I don't think that's what these stats show at all.

They could just as easily indicate that the costs of other things like housing, heating, electricity, transportation, tuition, and healthcare are increasing at faster rates than food. Or it could mean that households now have new expenses in their budgets that didn't exist previously. I wonder what percentage of household income went to internet service in the '30's. Or it could indicate that people are buying less food. Or settling for cheaper quality food. If 5 years ago I mostly bought organic foods, but now look for the cheapest way to fill my belly, I may be spending a smaller percentage of my income on food, but that doesn't mean food has become any more affordable.

MegB

Has another thread been opened yet?

Back to the topic ...

As a former student, former teacher (concurrent program for the TO board, and adult ESL) and the parent of an elementary school student, what makes a good teacher is intelligence, creativity, sensivity and a relentless work ethic and dedication to education.
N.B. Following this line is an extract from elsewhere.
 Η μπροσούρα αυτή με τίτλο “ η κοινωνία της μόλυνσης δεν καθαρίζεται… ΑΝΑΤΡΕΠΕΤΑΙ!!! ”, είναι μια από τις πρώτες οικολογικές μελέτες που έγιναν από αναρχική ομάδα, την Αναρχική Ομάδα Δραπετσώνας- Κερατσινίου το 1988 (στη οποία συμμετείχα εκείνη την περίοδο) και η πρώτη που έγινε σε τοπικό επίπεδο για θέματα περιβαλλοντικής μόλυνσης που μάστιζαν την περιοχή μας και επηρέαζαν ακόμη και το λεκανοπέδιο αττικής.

Being the parent of a kid with epilepsy-related learning disabilities, I'm fairly involved in my kid's school experience. I've come to understand that it isn't important whether I like the teacher. It's way more important that my kid likes them and that they get observable results.

Kids who have an IEP (individualized education program) spend time with an educational support teacher. I really dislike the current one working with my kid, but my kid likes her, and the woman gets results. She's also the only person who can get through to the students who have 'behavioral disorders'. Kids my teacher friends sometimes refer to as chair-throwers.
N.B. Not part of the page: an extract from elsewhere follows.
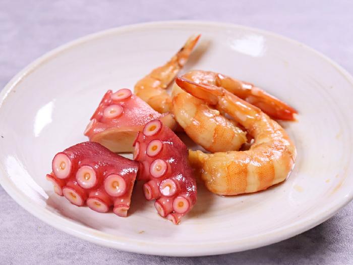 【たこ・えび】魚介類はおおむね合うようですが、しょっぱくなりがちなので付け時間は短いほうがいいようです。

The woman may be a a bit odious when dealing with parents, but she's a gem when it comes to kids with special needs. Probably kids in general. I'd take one of her over a hundred teachers I 'clicked' with.

Slumberjack

University Students and Geography Class

Quote:
They should not be confusing Antarctica and the Arctic, and they should know that they live on the Atlantic Ocean ... and they should be able to know where North America is.
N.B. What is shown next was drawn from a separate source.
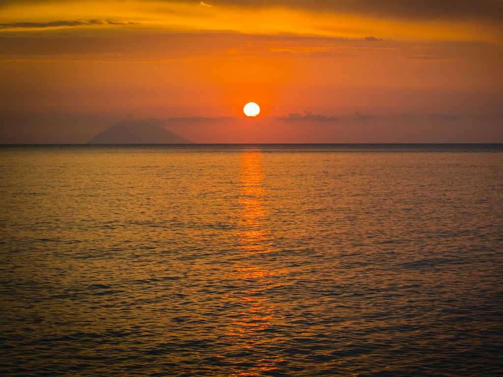 1024x768 море, горизонт, солнце, темный, закат обои стандарт 4:3

Here's a example of a good University teacher attempting to apply Jacques Ranciere's philosophy about working with what is given.  It appears that some of these students, when they hear about the USA bombing people again in Asia or Africa, are likely to run and hide under their beds as a precaution.

Catchfire Catchfire's picture

I'm always dubious about these stories which "prove" that students today are horrible at [pick one: writing, math, history, geography, et al.]. Who is in her class? Are they all Canadian students? Are any of the Canadian students recent immigrants? Are they treating a pop quiz which treats them, deliberately, as "elementary," seriously? If I took a class at university about Geography and was asked to colour a map, I'd be pretty pissed. Hell, I was pissed when my Grade 10 Geography teacher asked me to do that.

One of my favourite profs at UBC, now an associate Dean, who wrote the most popular text book on the genre of Academic writing, or writing at university, is always approached by journalists who want to write this kind of story. "Can you give us a quote about how students nowadays can't write a sentence?" She always answers, "No, but I can give you the name of someone who will..."

Slumberjack

Well, people will take the instance reported on in that piece or similar ones, and combine it with the functional illiteracy that many of us encounter first hand with high school grads these days, and we have an unmistakable theme coming out of the school system that what they're teaching is of little relevance to today's student.  It seems to me that it's to do with that sort of conversation, or it defaults to the one about the lackadaisical attitude toward standards on the part of the people who work in education system, that the right goes on about.